I know firsthand from the
experiences my now-retired wife had as a teacher not to far from Sandy Hook what that has been like, including the incessant school shooter drills.
I think I even shared a previous anecdote
about the day she arrived at her desk to find a five-gallon bucket and plastic tarp on it with no note or explanation. Only later did she learn its purpose was for sheltering in place.
Certainly, this is not the first generation of schoolchildren raised and trained for existential threats. I recall the nuclear attack drills I participated in as an elementary school student in the
aftermath of the Cuban missile crisis in the early 1960s.
Like a bucket and tarp, the drills didn't seem all that prudent -- they consisted of ducking our heads under our desks and remaining
quiet.
I know the indirect trauma of that affected me at some deep-rooted level, but I never had to experience what I was preparing for firsthand, and I have no idea how I might have responded
as a witness if confronted by news media afterward, but I'm pretty sure I would not be calm and collected the way Weston Halsne appeared.
This is not by any means a knock against him.
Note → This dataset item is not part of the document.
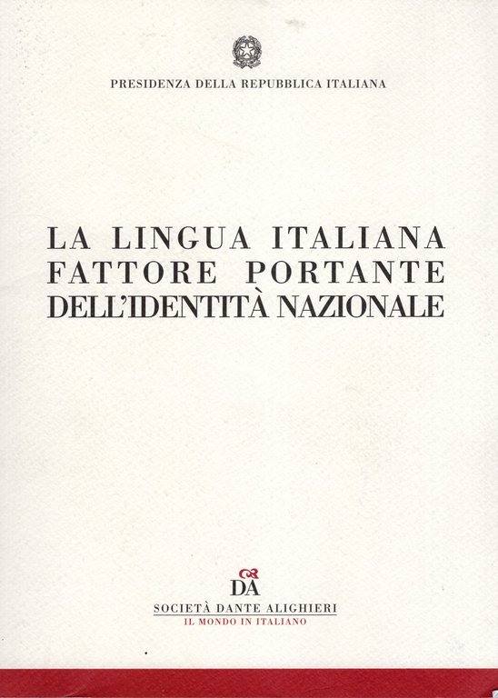 Il volume raccoglie i materiali dell'incontro svoltosi il 21 febbraio 2011 al Palazzo del Quirinale su " La lingua italiana fattore portante dell'unità nazionale " .  Allegati n. 2 C D  in ottavo Copertina flessibile 79 Molto buono (Very Good) Libro usato proveniente da collezione privata .La copertina riporta piccole imperfezioni da movi9mentazione.Interno in buonissime condizioni..

He
seemed very brave to me. I just find it sad -- and particularly noteworthy -- that a 10-year-old witness to a school shooting could be that way.
Kids are not supposed to be calm and collected
in the face of horror like that.
And if that's what they've become, I'm calling them Generation D, because we've raised a generation of children who -- due to repeated exposure to something
horrific and unimaginable -- have grown desensitized to it when it actually happens.
Now, as for our lawmakers and civic leaders responsible for the lax gun-control policies contributing
to it -- well, they became desensitized a long, long time ago.
Maybe someone should coin a generational moniker for them too.